I have been studying solid state physics recently. For Bloch theorem which states that for crystal with periodic symmetry, we have $$\psi_{nk}(r)=e^{ikr}u_{nk}(r).$$

According to the textbook, this theorem is deduced under the independent electrons approximation, as the deduction starts from the one electron Schrödinger Equation. But I wonder if this theorem stills holds for correlated electrons. Because for correlated electrons, we should still have the potential $U(r)$ to obey $$U(r)=U(r+R),$$ although in the case of correlated electrons $U(r)$ contains the interaction between different electrons. Therefore, in my opinion, Bloch theorem should stills hold for correlated electrons. Can anyone give some comments on my opinion?

Answer 1

Consider a model of two 1D particles in a background periodic potential. When the particles are independent, the potential energy of the system will look like

$$U(x_1,x_2)=f(x_1)+f(x_2).$$

Since we know that the background potential $f$ is periodic, $U$ is then periodic in both $x_1$ and $x_2$. Moreover, it's periodic in a countable infinity of directions, not only in $x_1$ and $x_2$: e.g., it is periodic in $x_1-x_2$ and $x_1+x_2$ directions. But if you consider interaction between the particles, it'll likely depend on $x_1-x_2$, so the potential energy will now look like

$$U(x_1,x_2)=f(x_1)+f(x_2)+Q(x_1-x_2).$$

This interaction term $Q$ now spoils most of the periodicity. The only direction in which this potential energy remains periodic is $x_1+x_2$. This is related to the fact that despite the electrons interact, their center of mass (COM) is still "free". So you can use Bloch theorem, but only for the motion of the COM.

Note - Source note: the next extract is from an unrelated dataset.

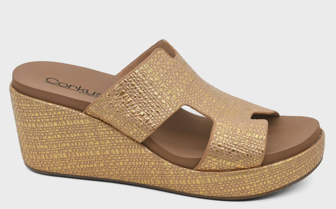Corky's Pucker Up Wedge- Gold Raffia
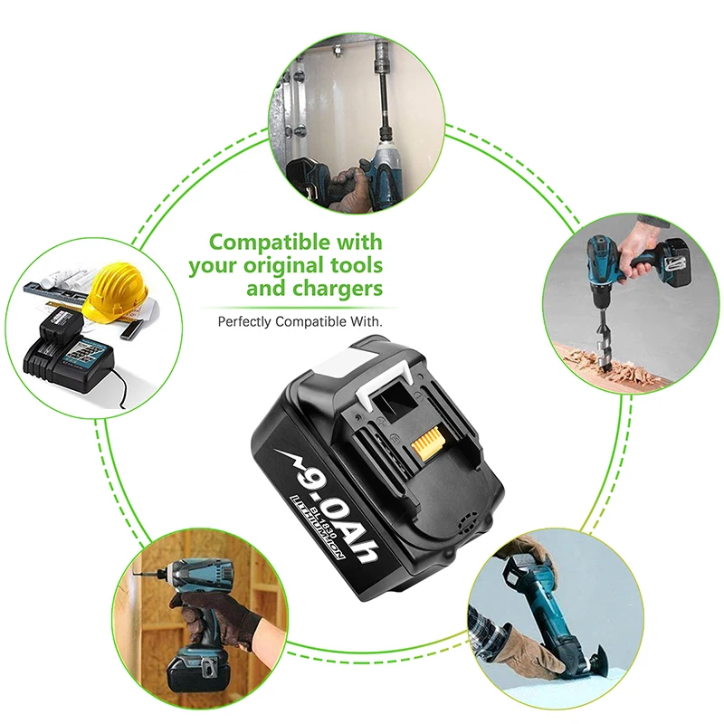 Эта ссылка для аккумулятора Makita 18V, 3,0/6,0/9.0Ah, пожалуйста, внимательно проверьте перед заказом. Зарядное устройство совместимо только с оригинальной батареей Makita и запасной батареей, которую мы продали, обратите внимание.

This readily generalizes to the case of $N$ particles and $D$ dimensions. After all you'll get that for interacting identical particles you have only $D$ wavenumbers — those related to motion of the COM, and all the other dimensions of configuration space are not periodic, thus not describable by Bloch's theorem.

Answer 2

I want to answer this by myself. Yesterday, I found some materials about the question. http://www.rug.nl/research/portal/files/2861460/c3.pdf

In general, the answer is yes. Bloch theorem still holds if we consider the interaction between electrons.